On Sat, Feb 21, 2004 at 10:48:27AM +0100, Bjorn Lindqvist wrote:
Well, I
don't really see it as so much of a race. Sure, we'd like
people to turn to us for information, but as I see it we're just going
to so completely dominate everyone with our information that there
really is no competition. Already most people I know IRL turn to
How about I fork Wikipedia. And while you suckas scramble to try to
get permission from the probably dead photographer who took the Che
Guevara-face photo MY fork has more pictures than playboy. Would your
friends still prefer Wikipedia??
I want the images. Those who took the images WANT us to use them
(provided we reference them). Readers want the images. Mirrors of
Wikipedia want the images. The copyright laws are stupid. GFDL is
stupid. And the right way to get stupid laws changed is not to obey
them.
Be reasonable.
There are people who want to use Wikipedia only online. Lots of them.

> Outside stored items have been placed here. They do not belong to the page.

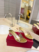 HIGH MULE 60MM IN GOLD SHEEPSKIN AND TRANSPARENT PVC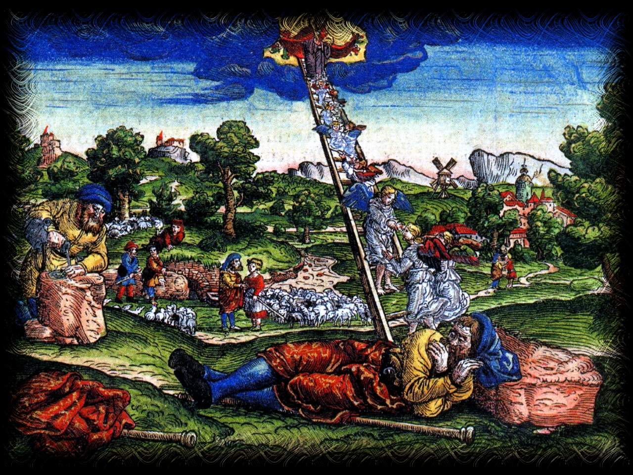 (1) Hie wird dem dritten Patriarchen / Christus verheissen / der Heiland aller Welt / vnd das künfftige Euangelium von Christo in allen Landen zu predigen / durch die Engel auff der Leiter furgebildet.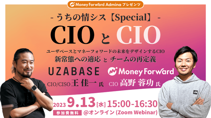 『マネーフォワード Admina』を提供するマネーフォワードi株式会社(以下、当社)は、2023年9月13日(水)にオンラインイベント、「うちの情シス【Special】CIOとCIO」を開催します。

And they may not care much about non-free images. But there are also
people who want to use Wikipedia's content offline - in books, magazines,
CDs, etc. Some may even want to print portions of the Wikipedia and sell them.
The problem is - these people can't legally do it if the Wikipedia contains
such images.
These people wouldn't be able to use your fork.
Are you able to see the issue now ?
PS. I think that the latter group is far more important than the former.